HONG KONG, Feb 9 (Reuters) - Business sentiment in BRIC economies has plunged as the financial crisis takes its toll, with companies now bracing for a modest decline in revenues this year in contrast to forecasts just last summer for strong growth, a survey showed.
Manufacturers in Russia were more optimistic than their peers in the other BRIC economies -- Brazil, Russia, India and China -- while companies in Brazil are most pessimistic, according to a survey by accountancy firm KPMG.
Overall, the survey reading of business confidence in the BRICs came in at +3.5, indicating slightly more companies expect growth in business activity this year than a decline. The score plummeted however from +47.0 in a previous survey last summer.
The latest reading was boosted by relative optimism among Russian companies. Russia’s score was 21.2, down from 63.2 in the previous survey, while Brazil’s was -3.0, compared with +65.3 six months ago. China’s score was +2.6, down from 36.3 previously, while India’s was -1.6, reversing a +62.9 reading in the last survey.
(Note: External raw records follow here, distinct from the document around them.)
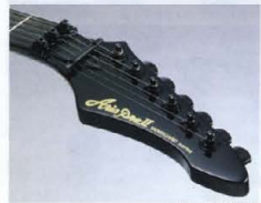
14" Pitched Head(VA-550)

このクラスとしては数少ないスケールも言える14" ピッチヘッドを採用しました。各弦に適正なテンションを与え、抜群のプレイフィールングを約束します。ロックナット使用モデルにも理想的なロック・テンションを確保、チューニングをサポートします。 VABには14" ピッチヘッドを採用。強めのテンションが弦開きの首音を鮮やかにリリース、芯のある低音域をプロデュースします。
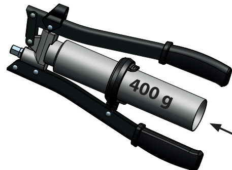
Abb. 8.-2: Betriebsbereitschaft herstellen mit 400 g Schraubkartuschen
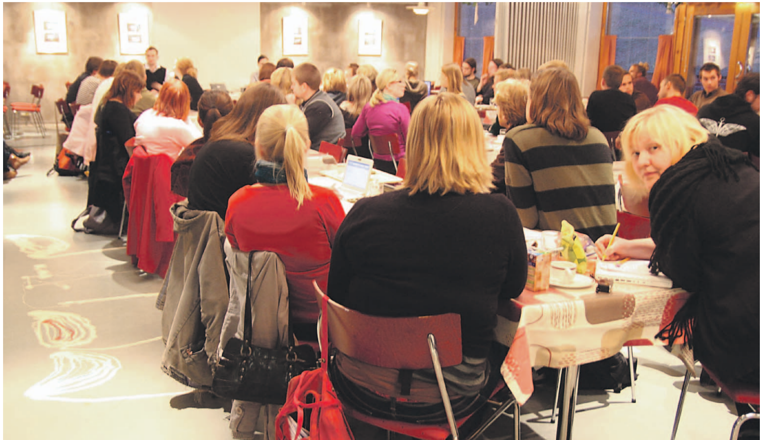
Liki kuusituntiseksi venähtänyt edustajiston kokous tiistaina 13. lokakuuta koetteli edaattorien turnauskestävyyttä.

”Think big – Vote green. Vote for: 1. Free education for all: No tuition fees for Finnish students. No tuition fees for foreign students. 2.Green campus: Carbon neutral and wasteless university, energy efficiency and proper recycling. 3.Democracy on Campus: Students have a strong part in decision making when it comes to their own education, university and campus. 4.Legal protection of student rights. We need to know our rights and act on violations. Green manifesto – Election themes for student union election in 2009: 1.Free and high-quality education, 2.Happiness and social welfare, 3.Jyväskylä – student city, 4.Green campus, 5.Free time is a basic right, 6.Academical community is a part of the society. Get familiar with the green manifesto and get to know our candidates: www.jyvioni.org.”
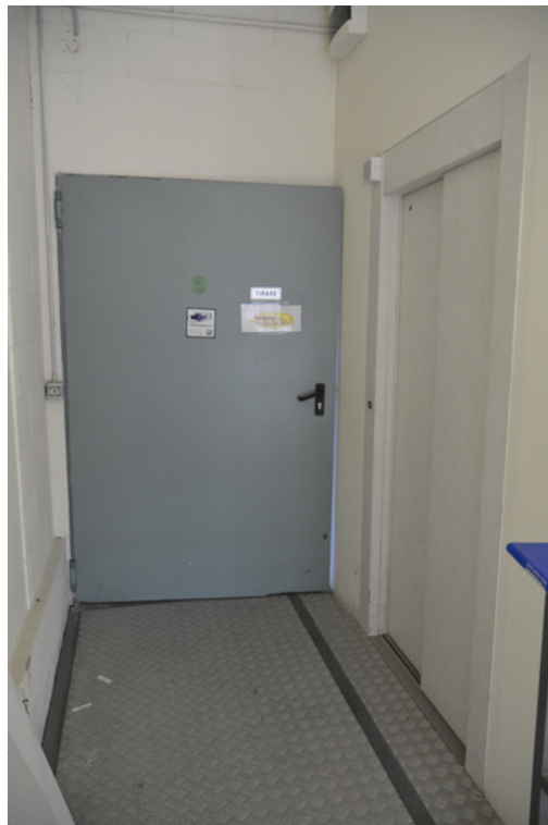
Ingresso al magazzino – sulla dx uscita dell'ascensore
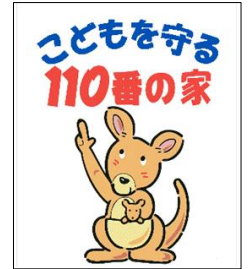
こどもを守る110番の家

【ポイント2】 「安全な場所」： 何かあったら助けを求めることができる(逃げ込める)ところ (例えば) こどもを守る110番の家や店(コンビニ、ガソリンスタンドなど) 学校、学習じゅく、警察署(交番・ちゅうざい所)
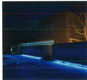
ペスタロッツ館(鏡野町)
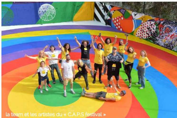
la team et les artistes du « C.A.P.S festival »

Le festival s'intègre dans un projet plus global que porte l'association CO42 et l'agence rentingART : la transformation d'une zone urbaine en transition attenante au terrain de sport en un centre d'art contemporain vivant, le CO42, un lieu de promotion de la création artistique sous une forme co-créative et collaborative inédite.

“So much for de-coupling,” Ian Gomes, chairman of KPMG’s emerging markets practice, said in the report. “The collapse in confidence among BRIC manufacturers underscores the vulnerability of emerging markets to the global economic crisis and consequent drop in external demand.”
On the outlook for business revenues, the survey score was -4.7, compared with +49.5 in the previous survey, while the survey reading on the outlook for net profits was -11.4 against 26.5 in the previous survey.
Survey scores indicate companies’ degree of optimism or pessimism on the outlook for each category and can vary between -100 and +100. A 0 score signals a neutral outlook for the next 12 months, while a score above 0 signals optimism.
Further clouding the outlook for business this year is a deflationary environment with manufacturers saying they expect sharp declines in the prices of goods they buy and the prices they can charge.
As companies expect profits to decline this year, they are preparing to scale back investment and opt for modest reductions in headcount, the report said.
The twice-yearly survey, produced by UK-based Markit Economics for KPMG, covers around 1,800 companies in manufacturing across the four emerging economies.
Growth in spending on research and development is set to ease while capital expenditure will decline, the survey shows.